Assignment: As an exercise, transcribe the data below in full and exactly, omitting pictures.

Data section:
Start of Block

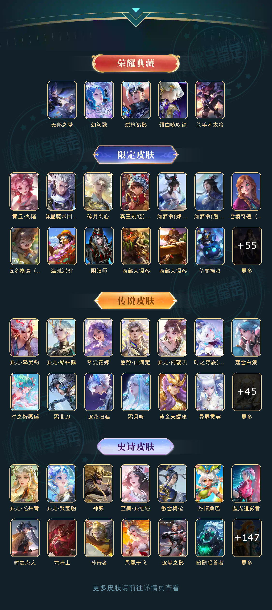 贵族等级V10,英雄数量124,典藏皮肤数4,皮肤数量465,天鹅之梦/杀手不太冷
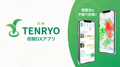 TENRYOは、AIが病害虫の発生を予測し、適切な農薬散布タイミングを知らせる「防除DXアプリ」です。キャベツ、ブロッコリー、ハクサイ、タマネギといった野菜のほか、柑橘類、水稲など13種に対応しています。
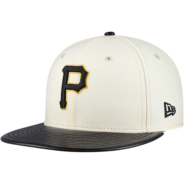 Men's New Era Cream Pittsburgh Pirates Game Night Leather Visor 59FIFTY Fitted Hat
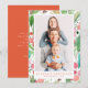 O design é composto por uma aquarela de botânicos de folhagem de Natal. Adicione uma foto personalizada e um nome de família e ano.

End of Block

Problem solution:
 贵族等级V10,英雄数量124,典藏皮肤数4,皮肤数量465,天鹅之梦/杀手不太冷
 TENRYOは、AIが病害虫の発生を予測し、適切な農薬散布タイミングを知らせる「防除DXアプリ」です。キャベツ、ブロッコリー、ハクサイ、タマネギといった野菜のほか、柑橘類、水稲など13種に対応しています。
 Men's New Era Cream Pittsburgh Pirates Game Night Leather Visor 59FIFTY Fitted Hat
 O design é composto por uma aquarela de botânicos de folhagem de Natal. Adicione uma foto personalizada e um nome de família e ano.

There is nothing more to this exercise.